In [10]:
import torch
import torch.nn as nn
import math

In [31]:
class LoRA(nn.Module):
    def __init__(self, in_features, out_features, rank, lora_alpha):
        super().__init__()
        self.in_features = in_features
        self.out_features = out_features
        self.rank = rank
        self.lora_alpha = lora_alpha
        self.scale = lora_alpha / rank

        self.linear = nn.Linear(in_features, out_features) # Y = X * W^T + b
        # size of X: (batch_size, in_features)
        # size of self.linear.weight (i.e., W): (out_features, in_features)

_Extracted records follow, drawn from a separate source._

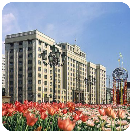
Здание Государственной Думы

Федеральные законы действительны на территории всей Российской Федерации
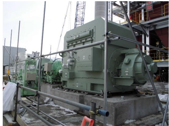
撮影③ 工場棟 2階

雨水の浸透貯留施設部分の進捗状況です。プラスチック製貯留浸透槽を地下に設置しています。
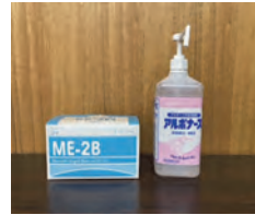
▲消毒液とマスクを設置
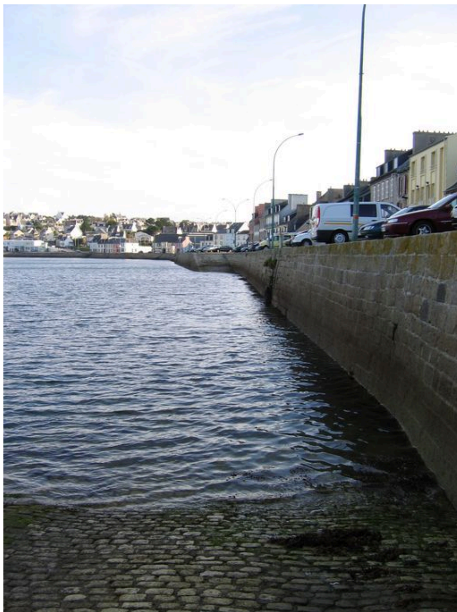
Vue générale du quai Toudouze
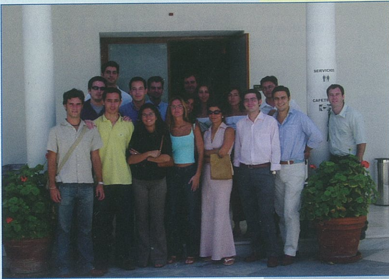
Alumnos del Programa de Creación de Empresas de Base Tecnológica que la Fundación de la Escuela de Organización Industrial (EOI) desarrolló durante el verano en el PTA.
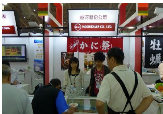
鳥取県企業は元気に拡販していた（㈱越河）
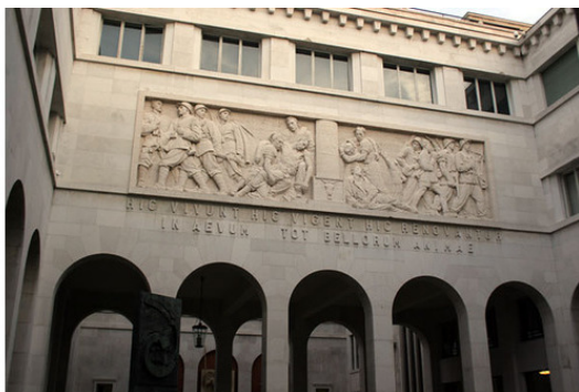
Во внутреннем дворе Падуанского университета

Пройдя по сувенирным лавкам, которых на площади довольно много я пошел гулять по городу. Открыты рестораники, кафе. Народ отдыхает, чему способствуют уличные музыканты. А что бы и нет.
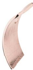
AN867 42,00 €

matt/poliert/gekratzt, Gelb- oder Roségold beschichtet, ca. 5x26 mm
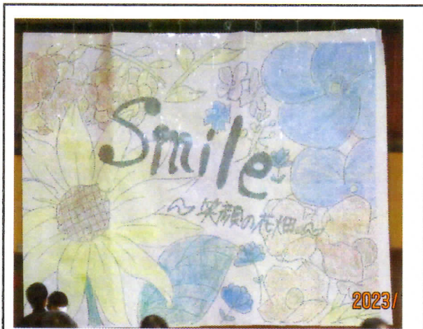
令和5年度玲瓏祭「ビッグアート」

古殿中学校玲瓏祭で全校生が取り組む内容の1つに「ビッグアート」があります。全校生から原画を募集し、デザインを決定します。それをもとに、生徒一人一人が用紙に印刷されている枠に指定された色のシールをはっていきます。それを組み合わせると1つのデザインが完成します。生徒は、自分が作業している用紙がどんなデザインの一部になるかわかりません。生徒は、玲瓏祭当日完成したデザインを見るのを楽しみにしています。
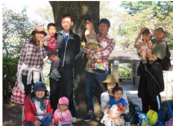
1歳児 すみれ組 いっぱいいっぱい歩いたよ！

秋空の広がる中、各クラス目的地目指して出発して行きました。 親子一緒とあって子ども達の顔もほころんでいました。 子ども達との何気ないおしゃべりや同じ時間を共有する中でわが子の新たな発見があった親子山登りではなかったかと思えます。
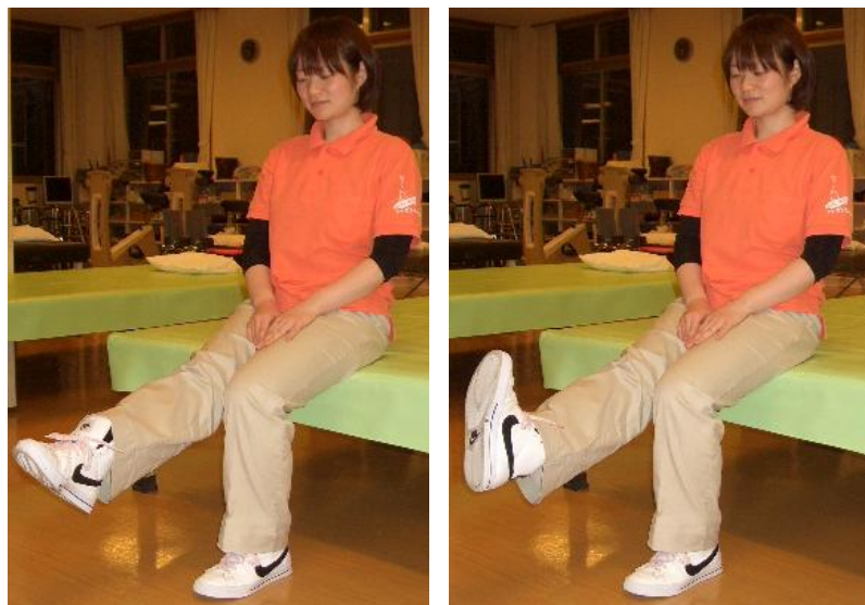
□～血行改善、ふとももの筋力、ひざの痛み～
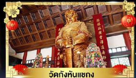
วัดกังหันเข็ก
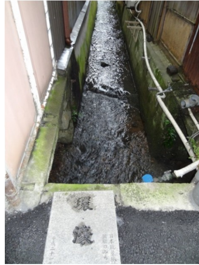
25.大きな酒屋で奈良の酒をお買い上げ 26.御所が環濠集落だった証がここに

和歌山線の踏切を進むと北の御所駅 2 番線に奈良行き電車が停車している。1 時間に 1 本の貴重なシーンである。今日も近鉄で帰るのでそのまま近鉄御所駅に向かう。今どき珍しい硬券の入場券が有るのを知り購入する。
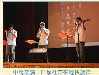
中場表演-口琴社帶來輕快旋律

「南拳媽媽」共同見證陽明人的愛心，並藉其公眾人物影響力，在歌聲中鼓勵大家舉手之勞做愛心。晚會則在南拳媽媽精湛的表演中劃下句點，愛的火炬仍未熄滅，滿載著社區愛心的園遊會即將於10月25日熱鬧登場。
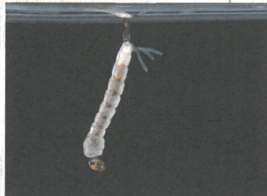
Ličinka tigrastega komarja v vodi.
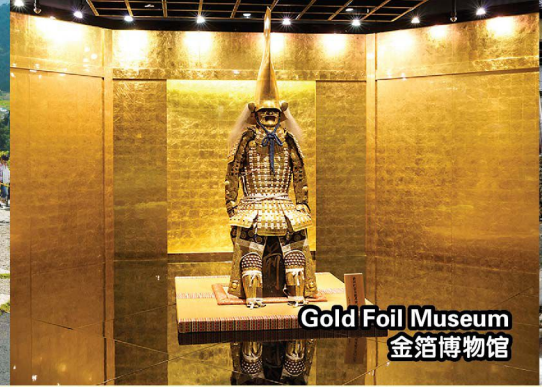
Gold Foil Museum 金箔博物館
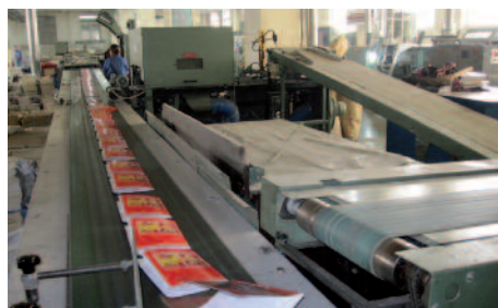
Geht hinaus in alle Welt: die gleiche Botschaft, aber modernere Mittel.
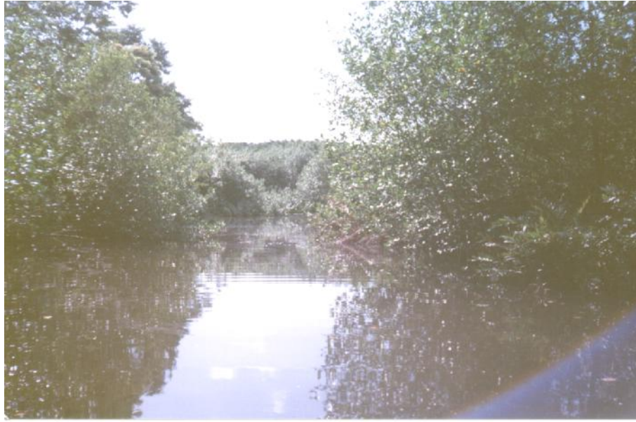
Fig. 2. Vista de la laguna costera, Lago Chong Point

La pesca es realizada en la laguna por 3 pescadores eventuales, en 3 cayucos que utilizan como arte de pesca 3 anzuelos y líneas. Se estima una producción de 300 kg anuales (Jorge García, 2005, comunicación personal).
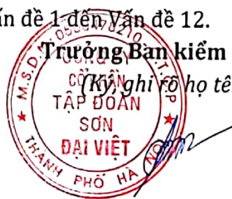
Trương Thị Mai
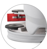
Gruppo testata e tergitore in alluminio
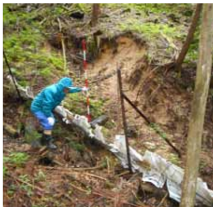
▲地滑りの発生しやすい危険箇所

今回のパトロールで、150カ所あまりが継続して観察していく必要があることが分かりました。 今後収集した情報を基礎として、さらに情報を蓄積していくことで、より効果的な防災対策へつなげていきます。
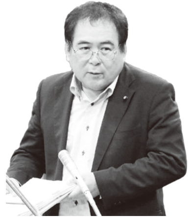
たちばな ひろいち 立原 弘一 議員 〔発言時間＝90分〕
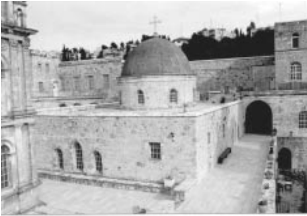
1. ჯვრის მონასტრის მთავარი ტაძარი

– სულ მცირე, ნაგებობის ფასადების მოხილვაც კი მხოლოდ ქალაქის სხვადასხვა ქუჩიდან და სხვადასხვა დონიდან არის შესაძლებელი და ისიც არა ყოველთვის. ამას უკავშირდება სამონასტრო ეკლესიების მასათა კომპონირებაც – მათ უმრავლესობას სწორკუთხოვანი კორპუსი და მასზე ზემოდან ცალკე მოცულობად "შემოდგომული" გუმბათი აქვს. (ილ.1) თავისებურად ფორმირდება ინტერიერიც. შიდა სივრცე, როგორც წესი, შედგება ჯვრული კამარებით გადახურული მომცრო მონაკვეთებისაგან, რომლებიც უჯრედებივით ებმის ერთმანეთს და სხვადასხვა მიმართულებით ვითარდება – ისე, რომ არ ქმნის ერთიან სივრცეს. (ილ. 1, 2) იერუსალიმური არქიტექტურის საერთო სახეს დიდწილად განაპირობებს ასევე ტრადიციული მასალა – თეთრი კირქვა, რომლითაც აქ უძველესი დროიდან აგებდნენ და რომლის გამოყენებასაც დღეს მშენებლებს კანონი ავალდებულებს.
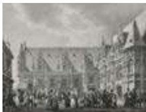
Palais de justice - Taylor et Nodier « Voyages pittoresques et romantiques en ancienne France » © Bibliothèque municipale de Rouen (U_49_4_pl164_d)
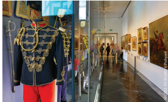
MUSEE HUSSARD
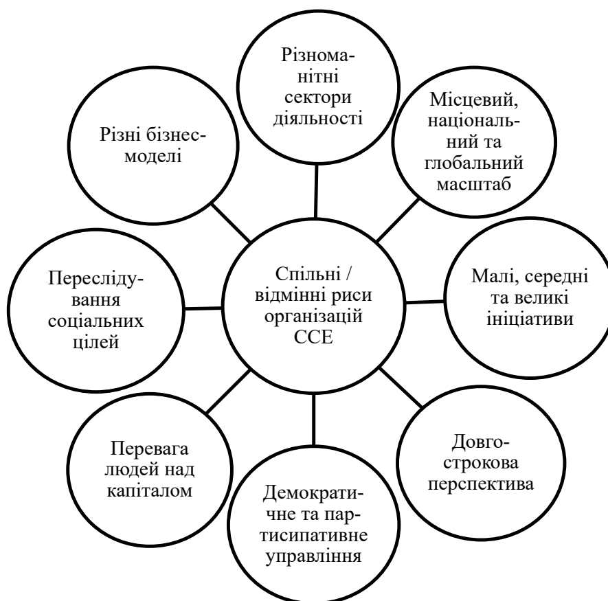
Рис. 1. Особливості соціальної солідарної економіки

За деяких обставин держава забезпечує вирішення проблем ринку, наприклад, у виробництві колективних товарів. Держава виробляє товари та послуги через державні підприємства, оскільки колективно погоджено, що для певних товарів і послуг жодна особа не повинна бути виключена з їх споживання через цінову систему, і тому ринок не є оптимальним рішенням (наприклад, залежно від країни – оборона,

        # Y = X * (W + A * B)^T + b
        # size of A: (out_features, rank)
        # size of B: (rank, in_features)

        if self.rank > 0:
            # 这里需要nn.Parameter, 这样model.parameters()才会包含这个参数
            self.lora_a = nn.Parameter(torch.randn(out_features, rank))
            nn.init.kaiming_normal_(self.lora_a, a=0.01)
            self.lora_b = nn.Parameter(torch.zeros(rank, in_features))
        else:
            self.lora_a = None
            self.lora_b = None

        # 设置linear的参数为不可训练
        for param in self.linear.parameters():
            param.requires_grad = False

    def forward(self, X):
        if self.rank > 0:
            # Y = X * (W + A * B)^T + b = X * W^T + b + X * (A * B)^T
            return self.linear(X) + self.scale * X @ (self.lora_a @ self.lora_b).T
        else:
            return self.linear(X)

In [40]:
batch_size = 8
in_features = 10
out_features = 20
rank = 2
lora_alpha = 1

X = torch.randn(batch_size, in_features)

lora = LoRA(in_features, out_features, rank, lora_alpha)

Y = lora(X)

print(f"Shape of Y: {Y.shape}")

s = Y.sum()

print(f"s: {s}")

s.backward()

print("grad sum of lora.lora_a: ", lora.lora_a.grad.sum())
print("grad sum of lora.lora_b: ", lora.lora_b.grad.sum())
print("grad of lora.linear.bias: ", lora.linear.bias.grad)
# \frac{\partial s}{\partial A} = B @ X^T
print("grad of lora.linear.weight: ", lora.linear.weight.grad)